The APIs specifically for image generation, “generate” and “edits”, can be thought of more like an “application” when they are using the new model series “gpt-image-1.x”, which is based on multimodal gpt-4o which can natively output images. The technique and tuning is not described, but you can imagine the actual input is along the lines of:

“You have a single exclusive job: generate an image with no further discussion. This “prompt” was sent by a user, which should be additional guidance of what kind of image that you must produce {text}”.

Other “application” endpoints such as “transcriptions” (that now use “gpt-4o-transcribe” instead of Whisper) also would have such fine-tuning and prompting, containing the sent text, so that they perform a singular task and don’t follow instructions to do anything otherwise.

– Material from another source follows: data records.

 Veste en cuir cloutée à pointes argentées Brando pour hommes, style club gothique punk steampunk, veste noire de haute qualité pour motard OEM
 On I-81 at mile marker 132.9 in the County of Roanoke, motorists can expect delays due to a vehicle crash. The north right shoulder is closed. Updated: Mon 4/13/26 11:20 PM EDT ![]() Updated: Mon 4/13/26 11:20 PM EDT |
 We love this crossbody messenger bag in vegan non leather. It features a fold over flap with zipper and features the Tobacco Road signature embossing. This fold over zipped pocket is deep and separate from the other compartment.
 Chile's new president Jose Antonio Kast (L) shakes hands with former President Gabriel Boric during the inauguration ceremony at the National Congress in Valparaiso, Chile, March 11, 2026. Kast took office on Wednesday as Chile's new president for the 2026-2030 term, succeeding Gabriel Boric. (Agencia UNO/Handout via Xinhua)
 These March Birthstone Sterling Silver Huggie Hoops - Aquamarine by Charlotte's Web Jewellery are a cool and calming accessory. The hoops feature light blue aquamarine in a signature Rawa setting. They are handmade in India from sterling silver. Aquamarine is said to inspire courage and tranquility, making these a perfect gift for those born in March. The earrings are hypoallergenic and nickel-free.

You might “code up” a transcription AI using the Chat Completions API and an "audio" model that can perform similarly, following your instructions of how to act on a contained message (instead of chatting with a user), but there is no native “chat” model that can make images in such a manner.

1 Like

Your actual link is to the API reference - it gives you an idea what’s happening with “instructions”:

instructions - string: A system (or developer) message inserted into the model’s context.

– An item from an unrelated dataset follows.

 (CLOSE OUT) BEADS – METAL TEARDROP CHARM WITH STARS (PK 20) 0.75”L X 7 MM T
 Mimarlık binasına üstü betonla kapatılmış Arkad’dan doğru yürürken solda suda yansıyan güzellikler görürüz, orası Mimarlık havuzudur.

  • If you use “instructions” with gpt-4.1 or gpt-4o (non-reasoning), you get a “system” message.
  • If you use “instructions” with gpt-5 or o4-mini (reasoning), you get a “developer” message.

So wherever you sourced that quote is somewhat correct, because the same happens to roles passed as “input” or “message” as happens to the text of “instructions”: any of “system” or “developer” become the supported “super-user” message on the specific model; there is no combining those two so they’d act differently, as they are the same per-model destination.

Early reasoning models would error if you sent “system”, just like gpt-4o would error on a “developer” role unknown to that model. The API behavior has been changed for silent reclassification, on both Chat Completions and Responses.

Hope that helps, and helps the OP with: “send system or developer: you get the correct one the model supports” (program your API application to not rely on this rewriting, though).

1 Like

Thanks for all the messages. Could you confirm whether I understood GPT-5.2 usage correctly?

  1. Avoid using the system role, and use the developer role instead.
  2. If you send a list of messages and also include instructions in response.create, those instructions are inserted at the beginning as a developer message (or they replace the first developer message, if the message list already contains one).
  3. You can include multiple developer messages. The model treats them as a combined set of instructions, but it prioritizes the most recent one.

If (3) is correct, can you use an additional developer message later as a reminder if the model starts drifting as context gets longer? And can you use it to trigger behavior without adding a user message, for example: “Review the full thread and summarize”?

  1. GPT-5.2 uses a “developer” message. Sending “system” and having it work as “developer” is simply a current convenience.
  2. Instructions are a message that is inserted first, before any “input” or any conversation history state. They do not “replace”, but instead must be present in every API call if you use that facility (changing “instructions” can be dynamic based on new information, but would break any cache discount when they are altered).
  3. “developer” can be positioned anywhere in a list of “input” messages. If you use a “chat history” server-side feature, (either “conversations” API or previous_response_id as part of Responses), do note that the “developer” messages become a semi-permanent part of the conversation where used. The “semi” is that if the input or chat history has messages larger than the input context window of the AI model and if you have enabled “truncation”:“auto”, the earliest messages are dropped regardless of role.

You can add more developer messages, either positionally when you take complete control of the “input”, or by periodic addition to a chat history. OpenAI even said “occasionally remind GPT-5 to use markdown” - because they are putting in their own “system” message not to use markdown on that specific model and don’t tell you!